A longitudinal sectional view of a usable as an inner container for a transport and storage container for liquids container with a stirring rod assembly in mounting configuration;

Fig. 2

a partial view of an upper axial end of in Fig. 1 shown Rührstabanordnung with inserted agitator shaft;

Fig. 3

in the Fig. 2 shown Rührstabanordnung with axially raised agitator shaft;

Fig. 4

in the Fig. 1 shown in a transport state Rührstabanordnung in an enlarged partial section view;

Fig. 5

an exploded view of another embodiment of the stirring rod assembly;

Fig. 6

in the Fig. 5 shown Rührstabanordnung in the assembled state;

Fig. 7

an alternative embodiment of a connection device formed at the upper axial end of the Rührstabanordnung;

Fig. 8

the lower axial end of in Fig. 1 shown Rührstabanordnung in an enlarged view with a plurality of stirrers;

Fig. 9

in the Fig. 8 illustrated arrangement of stirrers in a sectional view according to section line IX-IX;

Fig. 10

in the Fig. 8 illustrated Stirrer arrangement in an operating configuration;

Fig. 11

a single stirrer in plan view;

Fig. 12

an isometric representation of the in Fig. 11 shown stirrer in rear view;

Fig. 13

this in Fig. 11 illustrated impeller in a sectional view according to section line XIII-XIII;

Fig. 14

that in Fig. 11 shown impeller according to section line XIV-XIV;

Fig. 15

a further embodiment of a stirring element in side view;

Fig. 16

this in Fig. 15 shown impeller in isometric view.
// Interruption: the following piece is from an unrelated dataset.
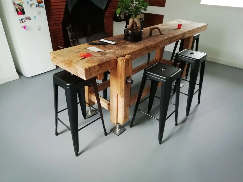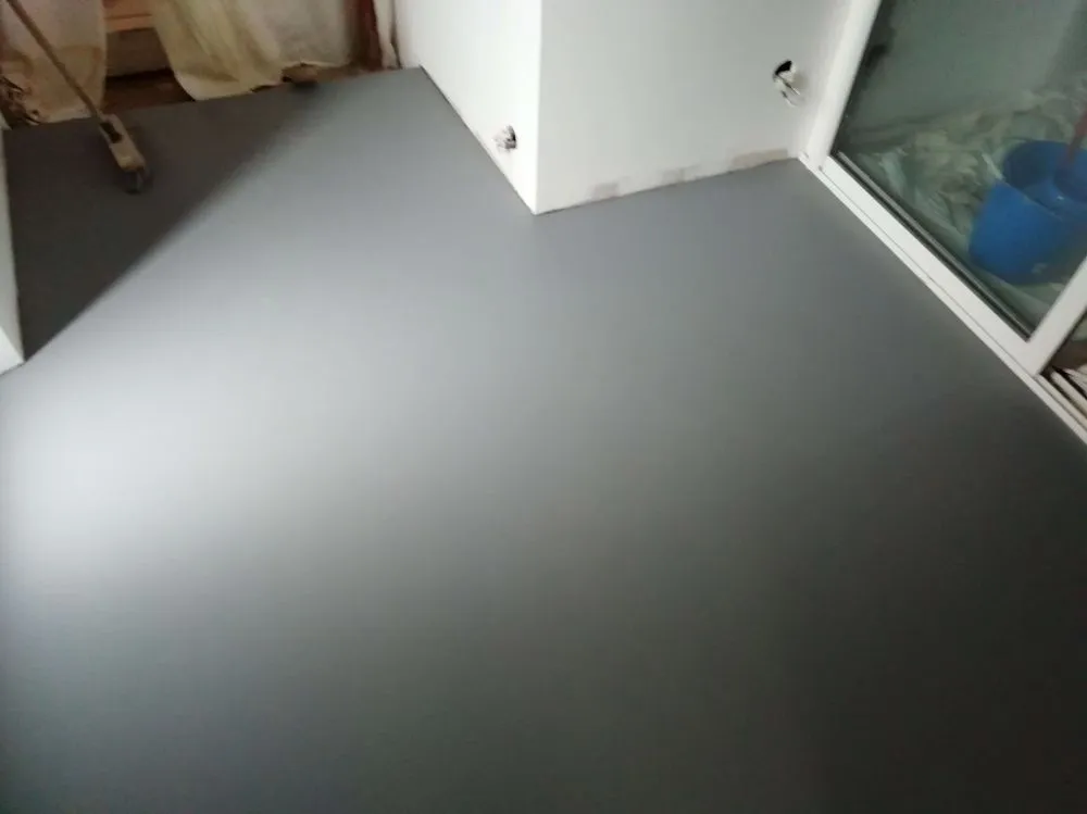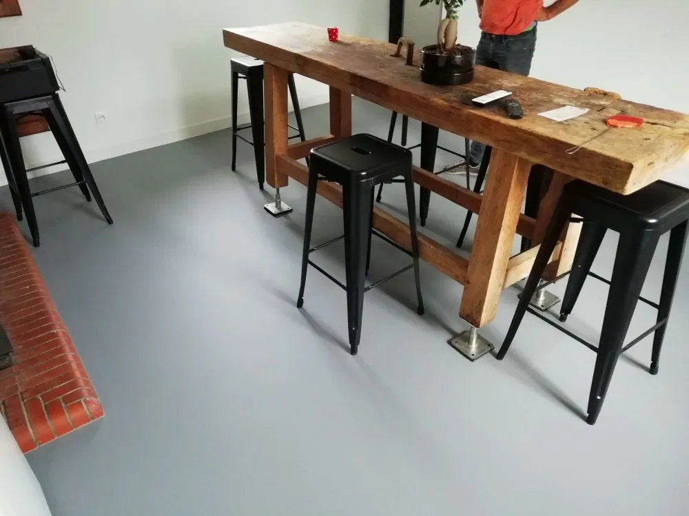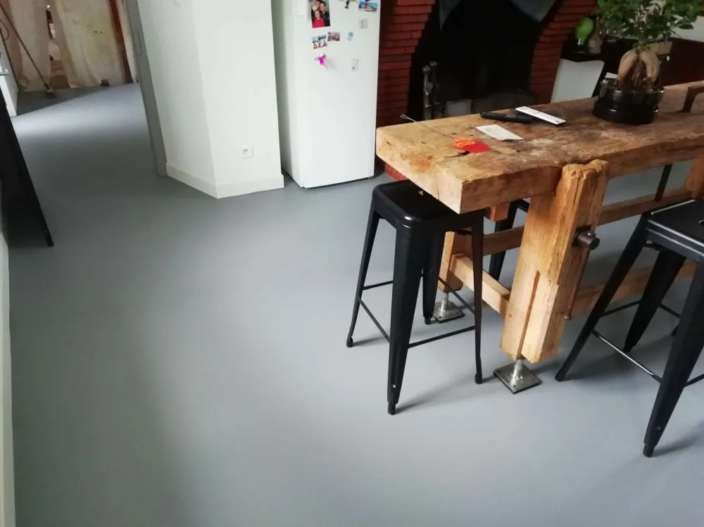 Autolissant gris souris mis en place sur ancien carrelage.

Fig. 1 shows a designed as an inner container for a transport and storage container not shown container 20 for receiving liquids. The container 20 then has a lower bottom wall 21, which serves for support on a pallet base, not shown here, a transport pallet, which is provided with a likewise not shown grid shell which receives the container 20, a front wall 22, two opposing side walls 23, 24, a rear wall 25 and one of the lower bottom wall 21 opposite the upper bottom wall 26.

The upper bottom wall 26 is provided with a filler neck 27 which can be closed with a cover 28 designed here as a screw cap.
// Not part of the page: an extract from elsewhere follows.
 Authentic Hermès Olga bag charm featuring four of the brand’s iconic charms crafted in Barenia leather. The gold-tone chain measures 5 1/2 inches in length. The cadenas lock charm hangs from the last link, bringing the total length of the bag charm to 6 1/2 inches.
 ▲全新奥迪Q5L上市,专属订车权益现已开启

The cover 28 forms in the illustrated embodiment, a component of a stirring rod assembly 29, which has as essential components formed as a hollow shaft of electrically conductive plastic in the present case Rührorganträger 30 and a Rührorgananordnung 31, in the case of the present embodiment has three stirrers 32 which are connected by means of a shaft 33 with the Rührorganträger 30.

As in particular from a synopsis of Fig. 1 . 8th and 10 It can be seen between the stirrers 32 and the Rührorganträger 30, here designed as leg springs 34 spring means are provided, which are indirectly connected via the shaft hub 33 to the Rührorganträger 30 in the present case, the shaft hub for positive connection with free leg ends 35 of the torsion springs 34 locking receptacles 36, engage in the formed at the leg ends 35 locking projections 37. The leg springs 34 are integrally formed in the present case, the stirring members 32, wherein in the case of the present embodiment, a cohesive connection of the leg springs 34 is formed on the stirring members 32 characterized in that the stirring members 32 are made together with the torsion springs 34 in an injection molding. In the prestressed state, the torsion springs are S-shaped.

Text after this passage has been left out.